Wunsch reached for his cigarettes, then thought better of it. “Jacob, Richard is …”
Hagen took over. “What Bernard wants to say, Mijnheer Lietermann, is that although I’m not guilty of it, the SS are blackmailing me over the death of de Heer Klees. I’ve had to tell them certain things but not the plan you and I agreed to. What is essential is that we stick to the Megadan and that you tell me exactly what de Heer Hond has in mind for those trucks. Believe me, mijnheer, the SS know everything about it, but if I’m to mislead them, then I must know everything, too.”
A sadness came to Lietermann’s dark eyes. “Is it that you intend to go back into the Reich in spite of everything?” This could not be.
It was Lev who said, “What else has he to lose but his life?”
Lietermann acknowledged the loss of Arlette and briefly sketched the plan for him. Hagen told him about Irmgard and Dee Dee. Though the risk was there, he had no other choice.
“Will you try to save them?”
“If I can, though not at th
e expense of the diamonds. What I need is your absolute guarantee we’ll use the Megadan. Mr. Churchill will take care of things from his end. The dummy strongboxes must be placed in those trucks, and I’d go so far as to suggest some of them be filled with diamonds. Sacrifice if we must, for the greater objective of keeping the stocks out of their hands.”
“There are collaborators, Belgians who will help the Nazis seize those trucks,” said Bernard gruffly. “For me, I wish we could mine them somehow, Richard. A simple switch—the ignition perhaps—explosives in among the boxes.”
“Bernard, Bernard, these new American films …” began Lev. “Gone with the Wind … Gone with the Blast! It sounds as if you want to go to war.”

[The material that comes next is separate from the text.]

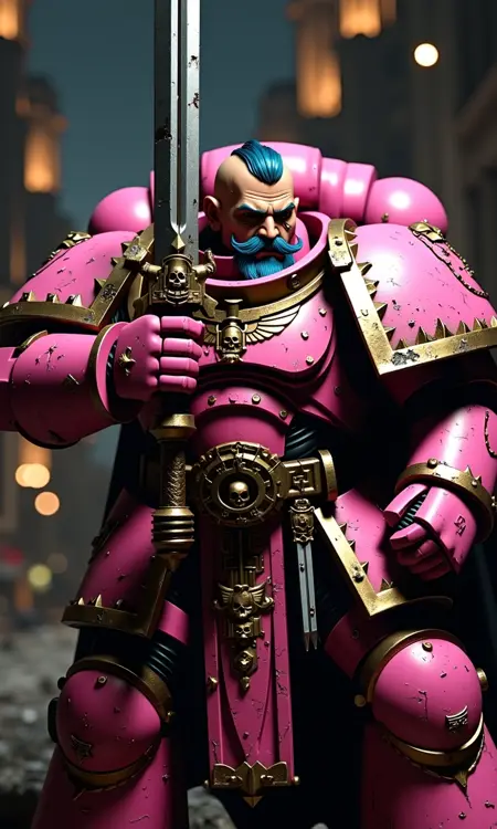 这个LoRA围绕多种类型的星际战士装甲设计,包括禁军、叛徒,甚至帝皇装甲也都融合其中。我希望能通过提示词实现高度自定义,强烈建议尝试不同的颜色、装甲部件、武器、头盔和徽章组合。

“It sounds as if I am angry, Lev.”
“Then leave the thinking to Richard. He’s the spy.”
The tension in Berlin was everywhere—in the news vendors around the Potsdamer Platz, in the man who had sold Irmgard a handful of roasted chestnuts, which she had bought not to eat but to feel the warmth of them.
All the headlines were the same: Berlin-Moscow Nonaggression Pact Signed.
For days—weeks—the crisis over Poland had intensified. Every wireless broadcast had poured out the invective. Every newspaper had shrieked the same. The Poles would not listen. They would not peacefully settle their differences with the Reich. Peace could only be bought at the price of blood.
As the car pulled in to the curb in front of the Hotel Adlon, Irmgard looked down at the newspaper packet of chestnuts. Their warmth had all but gone.
Leaving the bag on the seat of the car, she took a moment to compose herself, then got out and walked steadily up the steps and into the hotel.
Here, too, especially, there was tension. The bar was crowded with foreign correspondents who clamored for news.
She stood alone before the lift.
Richard was waiting for her in his room. Suddenly nothing else mattered but that she be held by him.
He felt her tears, felt her lips pressed against his cheek.
Shaking, she clung to him and bit a knuckle to stop herself from breaking down completely. They’d drown her if she didn’t tell him what they wanted. “Richard … Richard, you must get us out! Please! Before they kill us. Dieter won’t do anything! Dee Dee’s got tuberculosis. Heydrich’s sent her to the mountains. I’m to go there, too.”